It would be wrong though to disregard the church planting ideals of the LMS.  In a letter to Rev John Read a special suggestion was made , viz. the ‘widening and extending itself from year to year by a chain of Missionary stations’ (Els, 1971:32).  The LMS definitely had the emphasis to get the individual mission stations independent.  This spirit of independence was imparted at the Cape where the mission agency was initially called the ‘Kaapse Genootschap’ and not a zendelingsgenootschap15???, to stress their autonomy.  By contrast, the Moravian missionaries somehow cultivated a spirit of dependency on Germany.

The Neglect of Religious Instruction          

The neglect of religious instruction by the slave owners was also extended to the slave children, ‘for fear of them being lost to them on their becoming Christians’ (Cited by Shell, 1974:43).
            This attitude became known to the South African Missionary Society, which focused on the Christian education of the slaves in the colony. Despairingly Rev. Vos of Roodezand (later called Tulbagh), a missionary pioneer of the Dutch Reformed Church, wrote to the authorities on the 9th of March, 1812:
            Sir! Exclusive of the false prejudice of the so-called Christians... there is another obstacle in this country to the progress of Christianity... It is, namely that a slave who is baptized may not be sold. This circumstance is the occasion that the proprietors of slaves, who may possess truly Christian hearts...object to their being baptized (Cited from Theal’s Records of the Cape Colony, by Shell, 1974, p.43).

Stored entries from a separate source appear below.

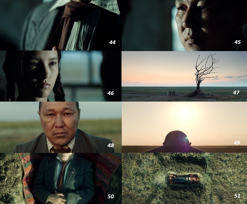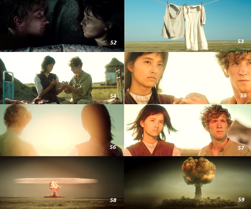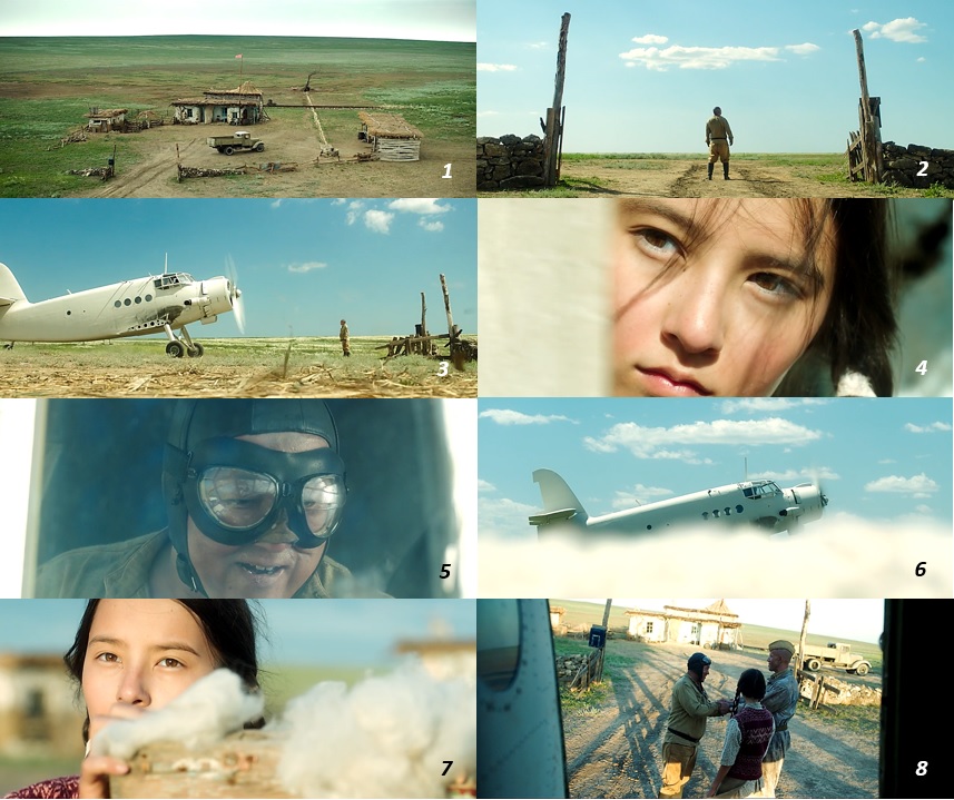 ▨ カザフスタンの草原でトルガットは娘のディナと二人で生活している ( 1 )。 見渡す限り草原が続く大地。 映画の冒頭では各爆破実験で全てが吹き飛ぶ大地の様子が描写される。 爆風の中に舞い落ちる綿。 そして場面 ( 7 ) のディナが手を置く綿からも分かるようにトルガットは綿花の栽培を始めとする農業に従事している事が分かる。 トルガットの前に着陸する飛行機 ( 2~3 )。 家の中から様子を伺うディナ ( 4 )。 その飛行機の操縦に興奮を抑えきれないトルガットは子供のように無邪気に喜んでいる ( 5~6 )。 飛行機を操縦させてくれた馴染みの軍人と握手するトルガットと傍のディナ ( 7~8 )。 トルガットは第二次世界大戦中にカザフスタンの空軍パイロットだったが、 久しぶりの運転に興奮を隠しきれなかった。 何の変哲もない日常の中の非日常。 それはトルガットに戦時中を思い起こさせるものであり、 それはおそらく彼の中で、 戦い続ける事で自分を独りの男として成長させた人生の大切な時間だったといえるものです。 しかし、 このささやかな男の誇り、 そして恋人と共に生きようとする娘のディナの人生も、核爆破と共に粉々に打ち砕かれてしまう …… 。
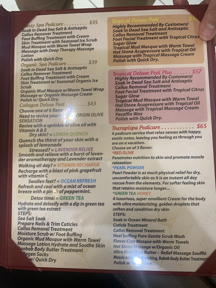 I was visiting from out of town and came in for a pedicure that was long overdue. The salon was busy but the manager made time to escort me to a chair and got me settled in while I waited for my nail tech to finish up on her current customer. Once she was done her attention was completely focused on me and she listened to my specific requests. Through out the entire pedicure she made sure that I was happy with her progress. I left very happy and satisfied and would highly recommend! ~JustaGeorgiaPeach
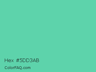 Hex #5dd3ab Color is a normal green color and the nearest color is Medium Aquamarine #66ddaa. Hex code #5dd3ab and RGB value is rgb(93,211,171). In RGB color space, this color is composed of 36% red, 83% green, 67% blue, In CMYK color space, this color is composed of 56% cyan, 0% magenta, 19% yellow , 17% black , In HSL color space, this color has a hue angle of 160° , 57% saturation and 60% lightness.

              In 1817 legislation was modified to provide elementary education for Christian slave children, but this remained burdensome to the owners.  By 1823 it was decreed that Christian slave children should be sent to government free schools, but the owners did not observe this. On the other hand, Muslim education encouraged conversion to Islam in more than one way: ‘... the madressah system was open to all children, regardless of race, ... the Islam schools offered an alternative education for many people hostile to or suspicious of the ruling order’ (Shell, 1984:25).

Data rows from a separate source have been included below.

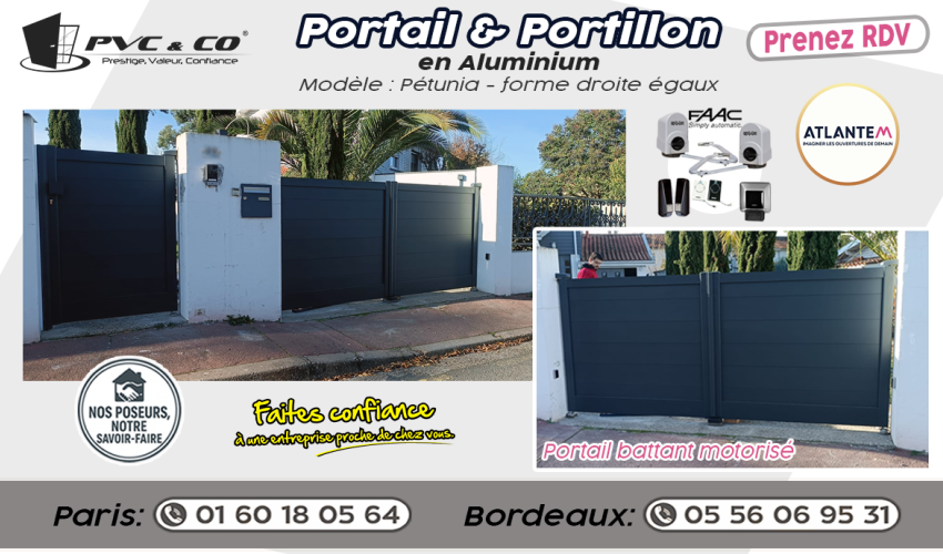 đ§âšFourniture et pose dâun portail aluminium AtlanteM Ă deux vantaux, motorisĂ© avec un kit FAAC, accompagnĂ©e de son portillon assorti.
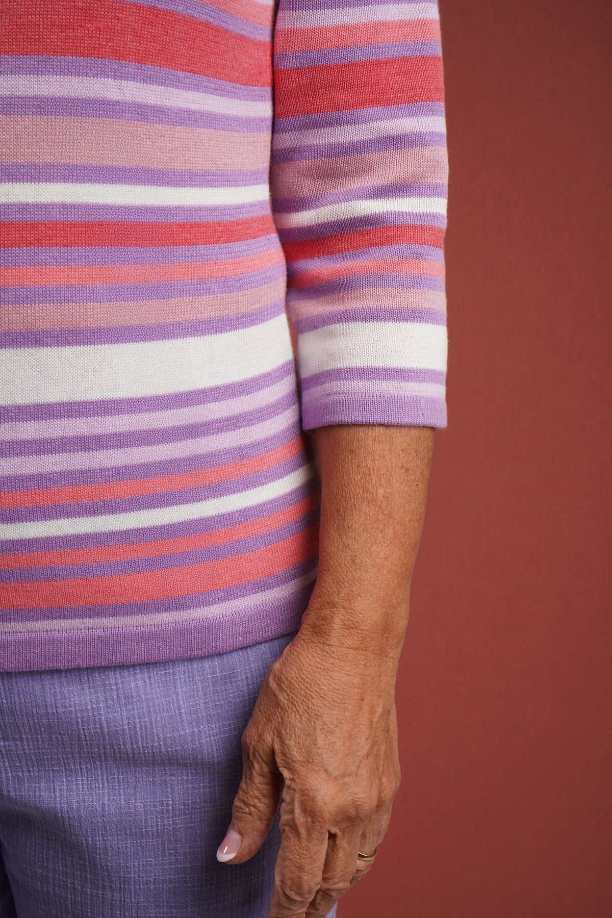 The Harper Striped Jumper combines contemporary style with practical comfort. This knitted top features a striking vibrant stripe pattern that adds visual interest to any wardrobe, whilst the classic round neckline offers timeless appeal. The three-quarter length sleeves provide versatile layering options, making it suitable for transitional seasons or casual everyday wear. Crafted from quality knit fabric, this piece delivers both durability and a refined finish that elevates basic styling. Back length from 24". 55% Acrylic, 45% Cotton.
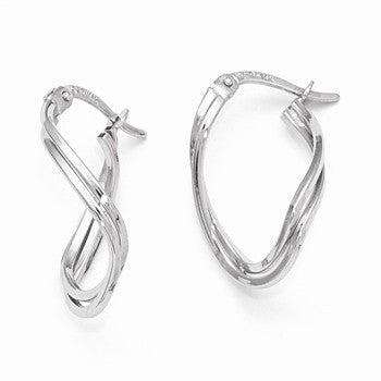 14k White Gold Polished Oval Hinged Hoop Earrings
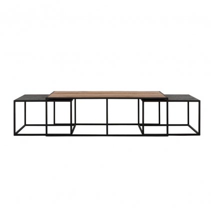 Sada 2 konferenčních stolků, které lze různě kombinovat nebo používat samostatně. Krásná kombinace recyklovaného teakového dřeva s kovovými a černými prvky.

            The spoken creolized Dutch, which later became Afrikaans, was used in the madressah (Qur’an school).This attracted the slaves. Achmat Davids made a special point of the value of the spoken Malayu as a glue to the Cape Muslims at a time of hardship. The use of the later development into Afrikaans towards the end of the last century may have been a form of protest by the Coloured population at the Cape. Ebrahim Moosa (in Living Faiths in South Africa, Prozesky and de Gruchy: 1995:133) pointed to the role of the madressah in the empowerment of the Muslim slaves. Furthermore he noted that the word for a contract of manumission - mukatabah - shares the root k-t-b, the word for writing (Prozesky and de Gruchy: 1995:133). Such a contract was an agreement whereby the slave paid the master a sum in return for his or her liberty. (Some slaves were allowed to practice a trade privately.)

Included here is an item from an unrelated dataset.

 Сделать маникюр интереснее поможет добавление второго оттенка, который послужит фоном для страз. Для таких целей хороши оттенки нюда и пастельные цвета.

The Arrogance of Cape Christians

In general, the colonists had only minimal interest in sharing the Gospel with the slaves.  Noting that The owners did not ‘in general discourage the embracing of Mohammedanism’, Rochlin summarised the behaviour of the colonists in this way: ‘They probably preferred to have slaves of this persuasion in their wine-sellers, from the sobriety which their religion inculcates.’ (Rochlin, - Aspects of Islam in the nineteenth century, Bulletin of the School of Oriental Studies, London, 1939: 216). A little later the same author put it even stronger, showing that the colonists, fearing the loss of their two-legged possessions, encouraged the spread of Islam among them, claiming that a sober slave is an asset around the house. (The general perception was that the slaves had a major problem with the use of alcoholism.) Percival (1804:275) gathered the same information from hearsay as the chief motive to deny baptism. Furthermore, the attitude of the colonists to the religious instruction of slaves was so negative that it boiled down to an intimidatory influence on the rulers. Thus Lord Charles Somerset refused the Methodist missionary McKenny permission to exercise the duties of a Christian minister to the slaves. His sucessor, Barnabas Shaw courageously defied the order, ‘determined to commence preaching’ without the permission (Mears, 1973:14f). It is not clear whether Shaw actually did preach to slaves. He preached to soldiers ‘with the knowledge of the governor’ (Du Plessis, 1911:168), but Somerset probably decided not to make an issue of that.  Writing in 1822, William Wilberforce Bird, a colonial officer, noted that whenever one asked a slave why he had become Muslim, the reply was: ‘some religion he must have and he is not allowed to turn Christian.’ (Bird, 1822:349) 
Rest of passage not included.